Militares ouvidos pela Folha, com conhecimento desse tipo de operação, afirmaram que o volume de recursos repassados ao Master não foge do padrão quando comparado a outras instituições credenciadas. Contudo, destacaram que causa estranhamento a escolha pelo banco de Vorcaro, especialmente diante da existência de instituições financeiras mais consolidadas no mercado.

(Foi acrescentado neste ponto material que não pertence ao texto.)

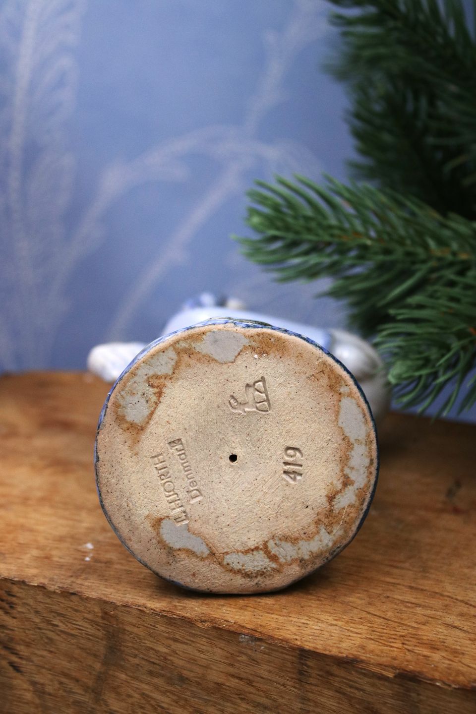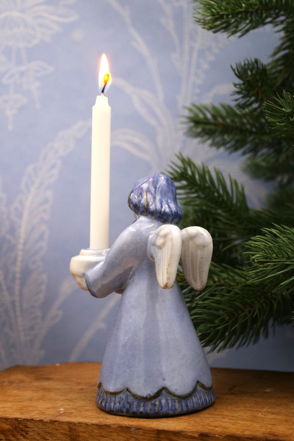 L. Hjorth keramik stor engel med blå glasurder holder et lille stearinlys. Nr.419.

Aeronáutica também tinha contrato com o Master — e não revela os valores
O mesmo relatório do Coaf também menciona a existência de contrato semelhante entre o Banco Master e a Força Aérea Brasileira (FAB), sem especificar os valores envolvidos. Em resposta à Folha, a FAB confirmou que credenciou a instituição em um acordo com vigência entre 2024 e 2029, permitindo descontos em folha de pagamento de militares ativos, inativos e pensionistas. A Aeronáutica informou ainda que realizou repasses ao banco em 2024 e 2025, mas não divulgou os valores correspondentes.

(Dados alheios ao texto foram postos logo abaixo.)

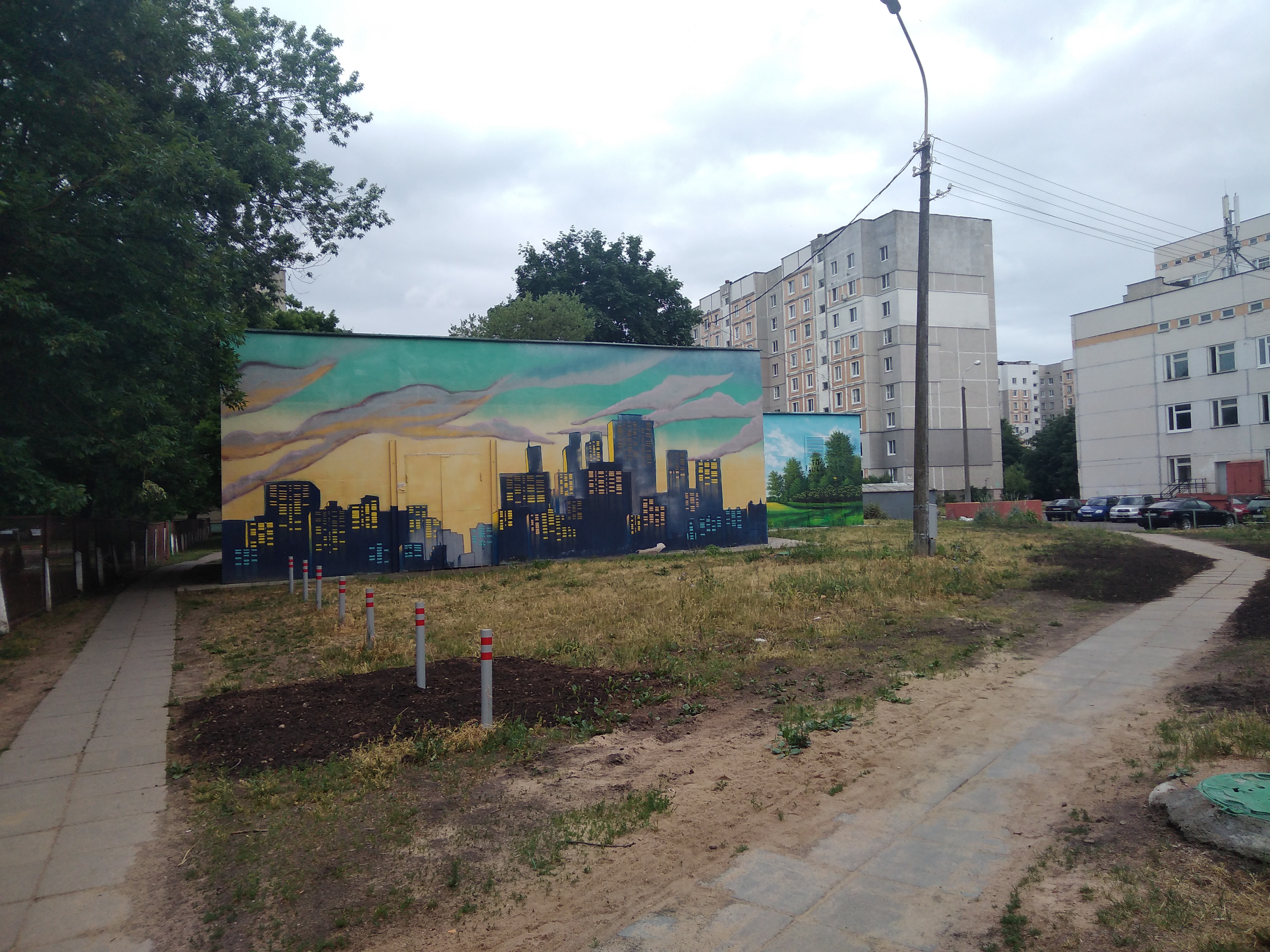 Есть в РБ такая добрая традиция: разрисовывать хоз.постройки во дворах. Телефонные будки, подстанции, ГРП...

A FAB declarou que, após a decretação da liquidação extrajudicial do Banco Master e diante da ausência de confirmação dos dados bancários da entidade responsável pela liquidação, não houve novas transferências. Segundo a Força Aérea, o sistema de credenciamento inclui atualmente 234 entidades.
O Exército diz que não houve perda — mas o Coaf discordou o suficiente para emitir alerta
Em nota oficial, o Exército afirmou que não houve prejuízo patrimonial nem para a instituição nem para os cofres públicos, sustentando que os valores repassados são provenientes de rendimentos individuais dos militares, utilizados para quitar dívidas privadas. A Força também destacou que atua apenas como intermediária no processo de desconto em folha. Segundo o comunicado, o Banco Master foi selecionado por meio de edital público e atendeu a todos os critérios exigidos.
Entretanto, o posicionamento do Exército não aborda o ponto central levantado pelo Coaf. O relatório não questiona a origem dos recursos, mas sim o destino dado a eles após o recebimento pelo banco. O saque imediato dos valores e sua concentração em uma única titularidade foram considerados indícios suficientes para que o órgão emitisse um alerta formal, registrasse o caso e encaminhasse o documento à CPI do Crime Organizado — comissão que foi encerrada pelo governo Lula na semana anterior, sem aprovação de relatório final.